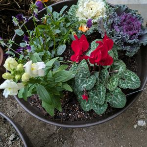 こんにちは😊 お正月用の鉢植えです。 葉牡丹はしっかり。💓 お花はまだこれから。 ビオラ、キンギョソウ、シクラメン💛❤️💜💚🤍🩷💛🧡 もう少ししたらもっと素敵になること🙏
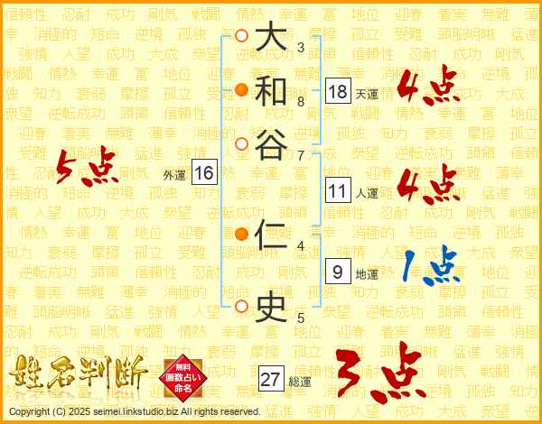 大(3画)和(8画)谷(7画) 仁(4画)史(5画)
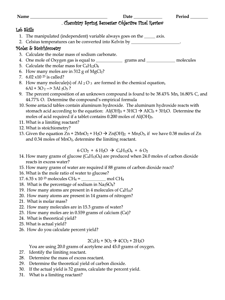 Name Date. Chemistry Spring Semester Objective Final Review Period Lab Skills 1. The manipulated (independent) variable always goes on the axis. 2. Celsius temperatures can be converted into Kelvin
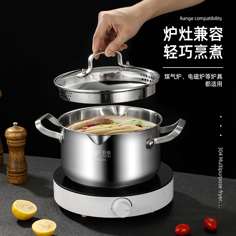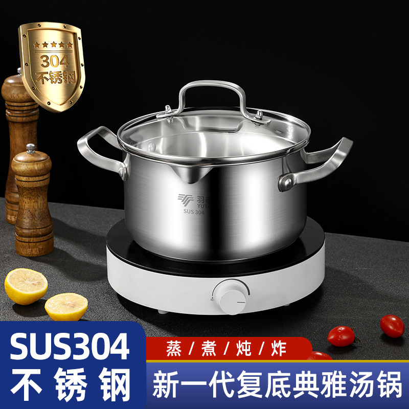 304ステンレススープ鍋卸売りプレゼントカップラーメン鍋電磁ストーブ共通の厚い家庭用二耳鍋

_ _ _ _ _ _ _

__Problem statement__:
The response has to be an exact copy of all the data, pictures excluded.

__Output of the task__:
 こんにちは😊 お正月用の鉢植えです。 葉牡丹はしっかり。💓 お花はまだこれから。 ビオラ、キンギョソウ、シクラメン💛❤️💜💚🤍🩷💛🧡 もう少ししたらもっと素敵になること🙏
 大(3画)和(8画)谷(7画) 仁(4画)史(5画)
 Name Date. Chemistry Spring Semester Objective Final Review Period Lab Skills 1. The manipulated (independent) variable always goes on the axis. 2. Celsius temperatures can be converted into Kelvin
 304ステンレススープ鍋卸売りプレゼントカップラーメン鍋電磁ストーブ共通の厚い家庭用二耳鍋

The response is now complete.